За временем встреч приходит время переписки. В Ивановку Нина Павловна шлёт письмецо Наталье Александровне, не забыв вложить и свою карточку. Ответ Натальи Александровны — тёплый и очень вежливый: «Видимо, Вы хорошо поправились и отдохнули на Кавказе, так как на этой открытке имеете такой хороший и счастливый вид. Я просила Серёжу рассказать мне про Вас все подробности. Узнала, что Вы часто пели его романсы, что он Вам аккомпанировал и что всем всегда очень нравилось Ваше исполнение. Меня это не удивляет и очень радует».
Ивановка тонула в дождях. Из дому без калош выйти было невозможно. К тому же пришли и холода. Но для дочек приезд отца — праздник. И теперь Сергей Васильевич ездит верхом вместе с ними.
1 сентября — уже в Москву — он пишет Нине Павловне о будущих концертах. До того — пара абзацев совсем в ином тоне:
«Многоуважаемая Нина Павловна, или милая Ниночка, или Нинушка, или коварная Наина!

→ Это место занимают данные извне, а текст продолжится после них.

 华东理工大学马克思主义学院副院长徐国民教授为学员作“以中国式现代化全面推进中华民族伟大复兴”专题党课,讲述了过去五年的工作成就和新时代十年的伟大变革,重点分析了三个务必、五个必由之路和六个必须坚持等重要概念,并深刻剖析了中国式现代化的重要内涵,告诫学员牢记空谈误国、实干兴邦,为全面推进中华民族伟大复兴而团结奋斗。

Таким образом, Вы покинули Кавказ, и там наступил теперь мир и покой, не нарушаемый Вашим озорством и отчаянностью. Больные начнут поправляться! Рад за них! Да и Вам в Москве лучше. Тут, по крайней мере, присмотр. Не разойдёшься! Чем же это Вы больны? Почему Вы лежите шесть дней в постели? Наконец, вызывали ли Вы к себе Плетнёва? Имейте в виду — это опытный врач, и я рекомендую его Вашему вниманию. Никто как он Вас поставит на ноги».
Нина Кошиц, обаятельная и взбалмошная, на сцене неотразима. Такой желает быть и в жизни. Иной раз капризничает, хандрит. Но чаще — если сказать по-чеховски — «чёрт в юбке». О её шалостях Рахманинов вспоминает с улыбкой. И закончив деловую часть письма, приписывает: «До свиданья! Поправляйтесь! Будьте веселы, хулиганьте побольше. Целую ручки».

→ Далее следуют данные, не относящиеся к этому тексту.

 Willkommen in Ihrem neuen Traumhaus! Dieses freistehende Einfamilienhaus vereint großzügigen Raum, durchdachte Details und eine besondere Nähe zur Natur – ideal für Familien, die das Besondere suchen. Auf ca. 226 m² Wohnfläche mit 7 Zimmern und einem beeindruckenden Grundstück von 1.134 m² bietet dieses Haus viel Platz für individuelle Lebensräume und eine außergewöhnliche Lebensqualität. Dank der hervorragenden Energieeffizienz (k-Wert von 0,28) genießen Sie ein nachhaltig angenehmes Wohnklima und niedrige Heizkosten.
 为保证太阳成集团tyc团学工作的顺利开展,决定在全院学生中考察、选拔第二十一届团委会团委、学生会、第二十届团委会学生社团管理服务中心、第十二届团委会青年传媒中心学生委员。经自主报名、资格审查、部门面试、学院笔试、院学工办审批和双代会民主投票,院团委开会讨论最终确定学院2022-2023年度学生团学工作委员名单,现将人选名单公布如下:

В письме упомянет о новых романсах — его последнему прикосновению к этому жанру.
* * *
Подбор авторов на этот раз был необычен: все шесть романсов писались на стихи современников. И первым номером поставлена «Ивушка» («Ночью, в саду у меня…»). Часто об этом произведении говорили и говорят: «На стихи Блока». Но Рахманинов видел не автора перевода, но автора подлинника, Аветика Исаакяна.
Конечно, из современных поэтов ему был ближе всех «консервативный» Бунин. Здесь и ясность смыслов, и что-то родственное столь ценимому Чехову. В Блоке мог светиться и светозарный Тютчев, и духовидец Владимир Соловьёв, и сумрачно-экстатический Достоевский, и заунывно-русский Некрасов. Образ России у поэта способен соприкоснуться с музыкальными пространствами композитора:
Выхожу я в путь, открытый взорам,
Ветер гнёт упругие кусты,
Битый камень лёг по косогорам,
Жёлтой глины скудные пласты…
Но Рахманинов прошёл мимо лирики Блока, не заметил его присутствия и в переводе. Милой Re написал: «Удивительно музыкальное чувство природы у этого армянского поэта. Если б все так писали в стихах о природе, как он, нам, музыкантам, оставалось бы лишь дотронуться до текста — и готова песня».
Ночью в саду у меня
Плачет плакучая ива,
И безутешна она,
Ивушка, грустная ива.
Раннее утро блеснёт —
Нежная девушка-зорька
Ивушке, плачущей горько,
Слёзы — кудрями отрёт.
Это действительно Аветик Исаакян. Но только чуткий Блок мог столь детски-незатейливо, с чистой душой перевести стихи армянского лирика. Никакого нажима, прозрачность и та простота, которая сродни народной поэзии. Свет ощутим и в музыке. Протяжный вокал — и «рывки» аккомпанемента, без которых не передать горький плач.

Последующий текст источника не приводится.